Ilustração: Alê Setti
Eu sou um mau jogador de xadrez. Pior do que eu, só o escritor americano Gore Vidal. Eu o conheci em 1987, quando ele visitou o Brasil para o lançamento de um livro de ensaios. A minha tarefa era levá-lo de um lado para o outro, servindo-lhe de intérprete. Viramos amigos. Ou melhor, eu digo a todo mundo que sou seu amigo, mas ele mal me reconhece. Ainda assim, alguns anos atrás, gentilmente me convidou a passar dois ou três dias em sua casa no sul da Itália, em Ravello. Jogávamos xadrez por horas e horas. Ele perdia sempre. Essas derrotas o irritavam tanto que se recusava a falar comigo pelo resto do dia e era obrigado a tomar umas bolinhas para diminuir o ritmo cardíaco.

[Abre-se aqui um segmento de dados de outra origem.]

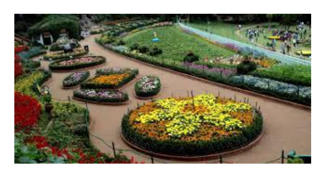
Day 06 Ooty & Coonoor Local Sightseeing

After breakfast Proceed to Coonoor. Coonoor Sight-seeing (Sim's Park, Lam's Rock, Dolphin Nose and Ketti Valley - beautiful scenic views of the valley). Also visit Tea factory, Tea Museum and Doddabetta Peak - highest peak of the Nilgiri mountain range. Overnight stay at Ooty.

Para quem nunca jogou xadrez, pode parecer exagero de sua parte, mas garanto que nada é mais humilhante do que um xeque-mate. No começo do ano, deram-me de presente um programa de xadrez para o computador. Está arruinando minha vida. Jogo cerca de uma dúzia de partidas por dia. E perco todas. A coisa acabou por abalar irremediavelmente minha auto-estima e minha autoconfiança. Já abandonei o romance que estava escrevendo. Agora, também começo a negligenciar esta coluna. Um verdadeiro desastre.

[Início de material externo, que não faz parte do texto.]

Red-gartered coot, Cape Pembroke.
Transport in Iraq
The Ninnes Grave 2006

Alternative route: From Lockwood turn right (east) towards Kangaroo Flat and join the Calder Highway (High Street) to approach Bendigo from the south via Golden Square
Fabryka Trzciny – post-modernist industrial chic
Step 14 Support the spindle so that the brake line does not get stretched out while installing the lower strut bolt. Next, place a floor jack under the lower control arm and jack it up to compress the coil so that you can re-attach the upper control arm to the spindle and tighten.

Conto essa historinha apenas porque ela me ensinou algo novo. Algo que pode ser útil para você também, sobretudo se tem um filho. A imprensa italiana sempre aparece com notícias a respeito de bandos de adolescentes que cometem alguma atrocidade. Primeiro, houve os adolescentes que, do alto dos viadutos, atiravam blocos de pedra nos carros que passavam, estilhaçando-lhes o vidro. Uma moça morreu por causa disso. Depois, vieram os adolescentes estupradores, que despontavam em todas as cidades italianas. Os últimos a surgir foram os adolescentes que espancavam seus coetâneos e roubavam-lhes os telefones celulares. É inacreditável a quantidade de enquetes jornalísticas que os italianos fizeram sobre o assunto, investigando os hábitos desses adolescentes. Um elemento une todos eles: os jogos eletrônicos.

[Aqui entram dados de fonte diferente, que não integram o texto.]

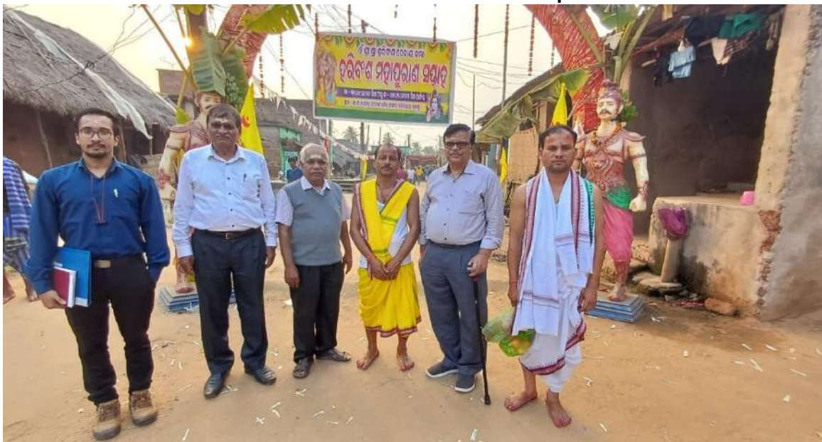
“Harivansh Puran path” amidst the weavers at Kasikiari 3 rd Feb 2024
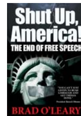
Shut Up, America! The End of Free Speech
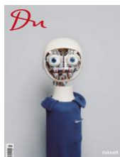
Cover Magazin »Du«, Issue 863 created by Ute Noll
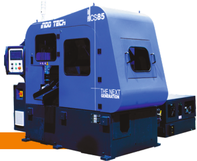
Circular Saw Machines
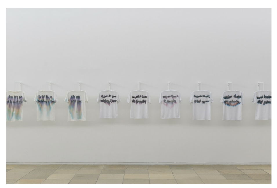
Fig. 7 Dancing Southward, by Santiago Reyes. 2016-ongoing. (exh. Haus der Kunst, Munich).
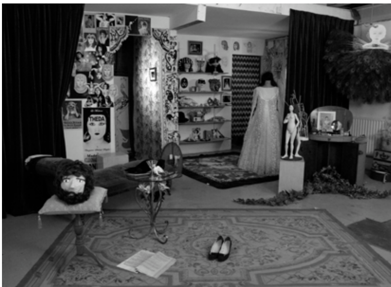
Georgina Starr, Theda , 2009. installation detail, video (35 min) and studio set
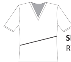
Short Sleeve RTTSS-BOA
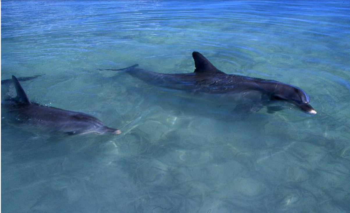
Interact with Dolphins at Monkey Mia, Shark Bay World Heritage Area

Western Australia has many spectacular nature-based activities and wildlife viewing is high on the list. Migration patterns mean that not all wildlife is easily accessible year-round. Just in time for the school holidays, we have compiled a list of the best marine wildlife interaction opportunities for December. Click the links to see the details.

Eu nunca confiei em enquetes jornalísticas. E nunca acreditei que um filme, ou um desenho animado, ou um jogo eletrônico pudesse desencadear surtos de violência. Depois que o programa de xadrez tomou conta da minha mente, porém, fui obrigado a mudar de idéia. A nossa é uma sociedade lúdica. A primeira coisa que aprendemos é nos identificar com o personagem que interpretamos em nossos jogos. Detesto parecer moralista, mas o troço é altamente preocupante. E se, por exemplo, os narcotraficantes inventassem um joguinho? Na primeira fase, o herói narcotraficante teria de fugir da cadeia. Na segunda, corromperia políticos. Na terceira, sobrevoaria a selva amazônica com pouco combustível no bimotor. Na quarta, engoliria papelotes de cocaína e teria um tempo delimitado para chegar à Europa antes que eles se diluíssem em sua barriga. Tenho certeza de que os adolescentes se identificariam com os narcotraficantes e passariam a vê-los com maior simpatia. Jogo eletrônico é obra do demônio.